• **EXERCISE REQUIREMENTS**
Each line holding the word "your" must appear in the answer, copied from the entries.

--- RECORDS FOR PROCESSING Enclosed Below ---

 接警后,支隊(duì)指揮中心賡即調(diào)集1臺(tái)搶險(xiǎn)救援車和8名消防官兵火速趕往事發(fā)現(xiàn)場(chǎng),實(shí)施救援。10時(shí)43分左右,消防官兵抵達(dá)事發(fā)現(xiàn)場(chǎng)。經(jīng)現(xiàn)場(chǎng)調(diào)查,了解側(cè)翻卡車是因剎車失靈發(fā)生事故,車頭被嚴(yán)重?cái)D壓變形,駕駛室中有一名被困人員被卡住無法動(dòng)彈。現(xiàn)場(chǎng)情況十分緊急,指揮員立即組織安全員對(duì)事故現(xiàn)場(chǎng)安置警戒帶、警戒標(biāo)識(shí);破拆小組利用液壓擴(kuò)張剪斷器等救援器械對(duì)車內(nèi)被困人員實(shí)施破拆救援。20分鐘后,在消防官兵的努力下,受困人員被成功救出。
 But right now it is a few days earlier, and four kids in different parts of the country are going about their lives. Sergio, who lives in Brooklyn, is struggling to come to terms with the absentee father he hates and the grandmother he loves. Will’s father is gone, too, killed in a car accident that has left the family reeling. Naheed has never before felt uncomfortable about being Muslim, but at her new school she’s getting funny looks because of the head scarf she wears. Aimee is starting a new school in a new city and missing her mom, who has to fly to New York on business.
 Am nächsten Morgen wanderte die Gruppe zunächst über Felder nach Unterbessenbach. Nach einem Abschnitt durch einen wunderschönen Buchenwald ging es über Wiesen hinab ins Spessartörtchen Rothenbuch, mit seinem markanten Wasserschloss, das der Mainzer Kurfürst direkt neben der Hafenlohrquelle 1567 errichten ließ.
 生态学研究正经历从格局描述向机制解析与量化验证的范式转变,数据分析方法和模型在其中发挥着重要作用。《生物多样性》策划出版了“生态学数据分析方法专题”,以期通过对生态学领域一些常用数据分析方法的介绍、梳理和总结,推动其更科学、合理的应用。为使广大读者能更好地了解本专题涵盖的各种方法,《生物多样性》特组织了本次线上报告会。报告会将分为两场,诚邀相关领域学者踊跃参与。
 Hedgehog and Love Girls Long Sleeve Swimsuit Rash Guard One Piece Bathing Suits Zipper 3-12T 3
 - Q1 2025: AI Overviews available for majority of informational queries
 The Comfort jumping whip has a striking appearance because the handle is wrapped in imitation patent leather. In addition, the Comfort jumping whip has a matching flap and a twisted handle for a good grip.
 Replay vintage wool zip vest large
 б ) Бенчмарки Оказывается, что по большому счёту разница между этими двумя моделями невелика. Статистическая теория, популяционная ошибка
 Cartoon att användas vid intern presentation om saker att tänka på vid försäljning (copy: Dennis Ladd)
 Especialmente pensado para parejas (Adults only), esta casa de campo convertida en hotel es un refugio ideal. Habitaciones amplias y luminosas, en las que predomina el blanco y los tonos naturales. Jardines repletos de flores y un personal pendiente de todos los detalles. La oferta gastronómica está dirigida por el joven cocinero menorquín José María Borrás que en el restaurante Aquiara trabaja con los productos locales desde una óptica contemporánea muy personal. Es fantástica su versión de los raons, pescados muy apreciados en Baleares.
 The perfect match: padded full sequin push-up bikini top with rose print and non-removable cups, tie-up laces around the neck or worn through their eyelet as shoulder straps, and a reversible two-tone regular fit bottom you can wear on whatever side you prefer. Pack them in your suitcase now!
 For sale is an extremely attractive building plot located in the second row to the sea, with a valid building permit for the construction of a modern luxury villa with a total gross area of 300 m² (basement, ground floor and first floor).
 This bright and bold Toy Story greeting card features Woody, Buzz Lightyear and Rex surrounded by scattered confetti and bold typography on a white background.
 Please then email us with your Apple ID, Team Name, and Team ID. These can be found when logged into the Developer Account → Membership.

--- End of Enclosed RECORDS FOR PROCESSING ---

• **SOLUTION FOR THIS PROBLEM**
 The perfect match: padded full sequin push-up bikini top with rose print and non-removable cups, tie-up laces around the neck or worn through their eyelet as shoulder straps, and a reversible two-tone regular fit bottom you can wear on whatever side you prefer. Pack them in your suitcase now!
 Please then email us with your Apple ID, Team Name, and Team ID. These can be found when logged into the Developer Account → Membership.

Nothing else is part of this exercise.